Good practice on designing for active travel is well known [@departmentfortransport_manual_2007; @parkin_designing_2018] and increasingly recommended/enforced.
Recent government publications provide clear guidance on design parameter for active travel infrastructure, with the recent '[Cycle infrastructure design](https://assets.publishing.service.gov.uk/government/uploads/system/uploads/attachment_data/file/904088/cycle-infrastructure-design-ltn-1-20.pdf)' guidance from the Department for Transport specifying 'desirable' and 'absolute' minimum widths of cycleways of 1.5m and 2m on cycleways with low levels of cycle traffic, for example [@departmentfortransport_cycle_2020].

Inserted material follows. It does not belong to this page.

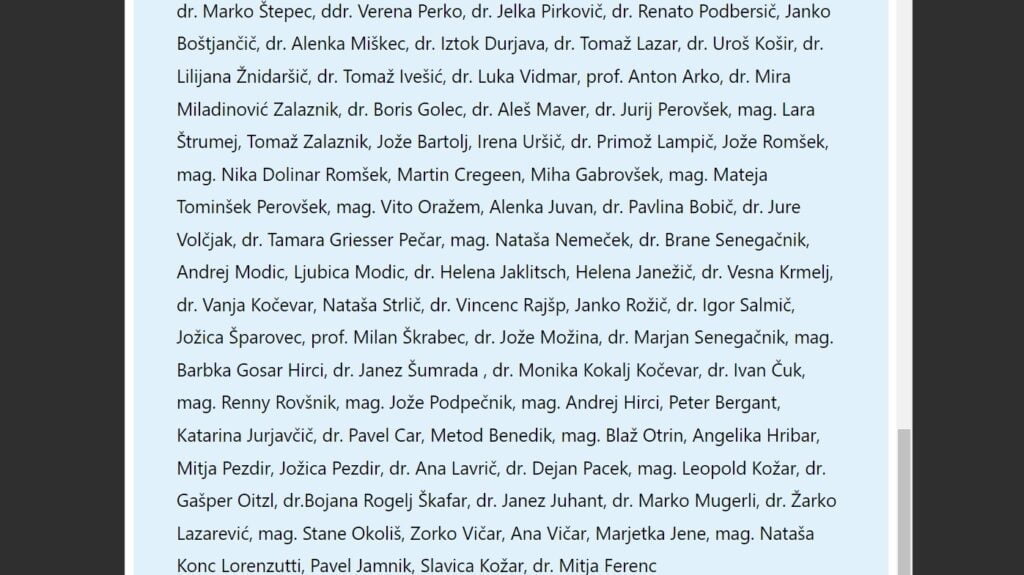 dr. Marko Štepec, ddr. Verena Perko, dr. Jelka Pirkovič, dr. Renato Podbersič, Janko Boštjančič, dr. Alenka Miškec, dr. Iztok Durjava, dr. Tomaž Lazar, dr. Uroš Košir, dr. Lilijana Žnidaršič, dr. Tomaž Ivešić, dr. Luka Vidmar, prof. Anton Arko, dr. Mira Miladinović Zalaznik, dr. Boris Golec, dr. Aleš Maver, dr. Jurij Perovšek, mag. Lara Štrumej, Tomaž Zalaznik, Jože Bartolj, Irena Uršič, dr. Primož Lampič, Jože Romšek, mag. Nika Dolinar Romšek, Martin Cregeen, Miha Gabrovšek, mag. Mateja Tominšek Perovšek, mag. Vito Oražem, Alenka Juvan, dr. Pavlina Bobič, dr. Jure Volčjak, dr. Tamara Griesser Pečar, mag. Nataša Nemeček, dr. Brane Senegačnik, Andrej Modic, Ljubica Modic, dr. Helena Jaklitsch, Helena Janežič, dr. Vesna Krmelj, dr. Vanja Kočevar, Nataša Strlič, dr. Vincenc Rajšp, Janko Rožič, dr. Igor Salmič, Jožica Šparovec, prof. Milan Škrabec, dr. Jože Možina, dr. Marjan Senegačnik, mag. Barbka Gosar Hirci, dr. Janez Šumrada, dr. Monika Kokalj Kočevar, dr. Ivan Čuk, mag. Renny Rovšnik, mag. Jože Podpečnik, mag. Andrej Hirci, Peter Bergant, Katarina Jurjavčič, dr. Pavel Car, Metod Benedik, mag. Blaž Otrin, Angelika Hribar, Mitja Pezdir, Jožica Pezdir, dr. Ana Lavrič, dr. Dejan Pacek, mag. Leopold Kožar, dr. Gašper Oitzl, dr. Bojana Rogelj Škafar, dr. Janez Juhant, dr. Marko Mugerli, dr. Žarko Lazarević, mag. Stane Okoliš, Zorko Vičar, Ana Vičar, Marjetka Jene, mag. Nataša Konc Lorenzutti, Pavel Jamnik, Slavica Kožar, dr. Mitja Ferenc.

However, little is known about the extent to which new infrastructure is compliant with such guidance: there is no open data on cycleway widths in most parts of the UK, leading to new approaches to assess compliance using region-specific datasets [@tait_cycling_2022].
Furthermore, new tools building on OSM datasets have been developed, for example to model change in transport infrastructure, prioritise road space reallocation schemes, and identify 'low traffic neighbourhoods' [e.g. @lovelace_open_2021; @lovelace_methods_2020; @lucas-smith_mapping_2021].
The internship will generate new research and publications on additional uses of open data to support sustainable transport planning objectives.
# Example of transport infrastructure in R
The brief example below shows how quickly you can get started with OSM data using command-line driven open source software to ensure reproducibility and scalability, based on an example put together for [ODI Manchester](https://github.com/Robinlovelace/openTransportDataDemo).
If you're new to R, it may be worth reading up on introductory material such as the free and open source resource *Reproducible Road Safety with R* [@lovelace_reproducible_2020] tutorial.
See [Section 1.5](https://itsleeds.github.io/rrsrr/introduction.html#installing-r-and-rstudio) of that tutorial to install R/RStudio and [Section 3](https://itsleeds.github.io/rrsrr/rstudio.html) on getting started with the powerful RStudio editor.
A strength of R is the number of high quality and open access [tutorials](https://education.rstudio.com/learn/beginner/), [books](https://education.rstudio.com/learn/beginner/) and videos to get started.
With R installed, you should be able to run all the code in this example and reproduce the results.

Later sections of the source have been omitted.